The ERISA savings clause provides that ERISA's enforcement scheme does not supplant "any law of any State which regulates insurance, banking, or securities." 29 U.S.C. § 1144(b)(2)(A). "[U]nderstanding of the savings clause must be informed by the legislative intent concerning the civil enforcement provisions provided by ERISA § 502(a), 29 U.S.C. § 1132(a)." Pilot Life Ins. Co. v. Dedeaux, 481 U.S. 41, 52 (1987). Congress intended "that the civil enforcement provisions of ERISA § 502(a) be the exclusive vehicle for actions by ERISA-plan participants and beneficiaries asserting improper processing of a claim for benefits, and that varying state causes of action for claims within the scope of § 502(a) would pose an obstacle to the purposes and objectives of Congress." Id.

Bassel argues that the ERISA savings clause nonetheless applies to his claim under the Prompt Pay Act, because that statute "regulates insurance." Mot. 12. Bassel admits that "none" of the cases he cites in support of his argument hold that "the ERISA savings clause applie[s]." Id. 14. Indeed, the law is the opposite. See infra 11-12. Bassel also attempts to distinguish the state statutory remedy from ERISA by arguing that the Prompt Pay Law's enforcement remedies "are for violations of the [Act], not for violation of any plan procedure." Mot. 15.

But this distinction is unavailing. The alleged distinction between violations of the Act itself and violations of "plan procedure" does not obscure that the "motive of his action, to wit, [is] to recover benefits for medical services to which, plaintiffs, as assignees, believe they are entitled under the terms of the plans." Berry, 2006 WL 4401478, at *5. Though some state insurance regulatory schemes have been held to fall within ERISA's savings clause, see Arnone v. Aetna Life Ins. Co., 860 F.3d 97, 107 (2d Cir. 2017) (holding that N.Y. Gen. Oblig. Law § 5-335 falls within ERISA savings clause), that is not true of the Prompt Pay Act. That statute provides the same remedy envisioned by ERISA; indeed, the statute is titled, "Standards for prompt, fair and equitable settlement of claims for health care and payments for health care services." N.Y. Ins. Law § 3224-a. To exempt claims brought under this statute would allow plaintiffs to use a "separate vehicle" as an end-run around ERISA's comprehensive remedial scheme.
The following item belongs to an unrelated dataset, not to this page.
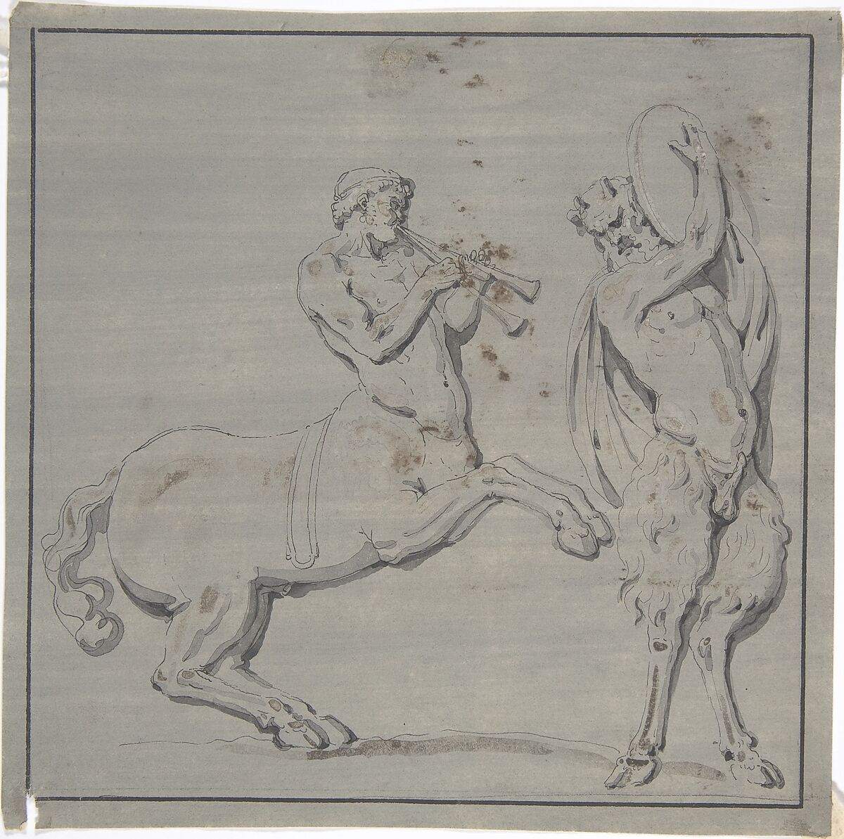 - Title:Bacchic Scene of Centaur Playing Horns and Satyr with Drum

Davila, 542 U.S. at 217-18. Here, where all of Bassel's causes of action rest on the same factual allegations, Bassel is attempting to use the Prompt Pay Act as an alternative "to vindicate [his] rights under the relevant . . . ERISA-governed plans." Berry, 2006 WL 4401478, at *5. ERISA forbids this.

CONCLUSION

The plaintiff's motion to remand is denied. Because the causes of action alleged in the complaint are preempted, the complaint is dismissed without prejudice to repleading claims that would not be preempted in New York State Supreme Court. Indeed, Aetna at the very least implicitly concedes that some of that patients' plans at issue may contain anti-assignment provisions which would defeat preemption. Opp. 9.

SO ORDERED.

FootNotes


1. Montifiore allows me to consider supporting documentation in conducting the Davila analysis. Montefiore, 642 F.3d at 331-32.